Iglesias decided to return home to help with the family business and finish college in an environment that would nurture her faith. “I think everything with HBU just kind of clicked; I got a grant and it felt right here,” she said. “I remember one of my professors, Jesse GrothOlson, sat next to me and helped me register for all of my classes. I had never had that kind of caring at school before. There is such a peace about this campus.”
AT HBU, Iglesias majors in Mass Media with a minor in Marketing. She cherishes weekly convocation (chapel services), praying in class and open dialogue about faith. She’s had more hands-on learning opportunities than ever, including an internship with a local radio station and a large-scale marketing project. She even served as a writer and editor in a new student magazine, Satellite. During a project with a local advertising company, she was offered a job on the spot.
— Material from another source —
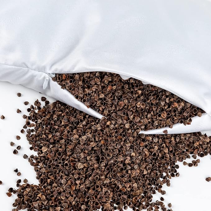 - QUALITY MATERIAL: Premium buckwheat hulls,clean and plump,warm in winter and cool in summer,offer the firm and comfy supporting to the neck curve.That can help to relieve neck pain and improve sleep.The pillow cover is made of high quality heavy weight soft fabric, which will exhibit textured and natural soft touch, not only thick and durable but also breathable and cozy.

“It’s wonderful. The people at HBU have been the main reason that these opportunities have opened up. I haven’t experienced the support that I’ve had here elsewhere,” Iglesias said. “I think the small classes have something to do with it. And the professors are so kind; they see all of their classes as an opportunity to help us. The staff are so approachable and helpful too.”
The college experience is much better this time around, with much to be proud of and nothing to hide. “For peers, I think you really have to keep yourself busy with good things. If your spirit is strong, it can fight off the temptations that you have. If you neglect it, it’s easier to give in. Feed your spirit, have a positive community at church, good friends you can trust, and be open with your family if you can,” she said. “I think with the academics and the spiritual side, you get the best of both worlds here at HBU. Things have fallen into place for me.”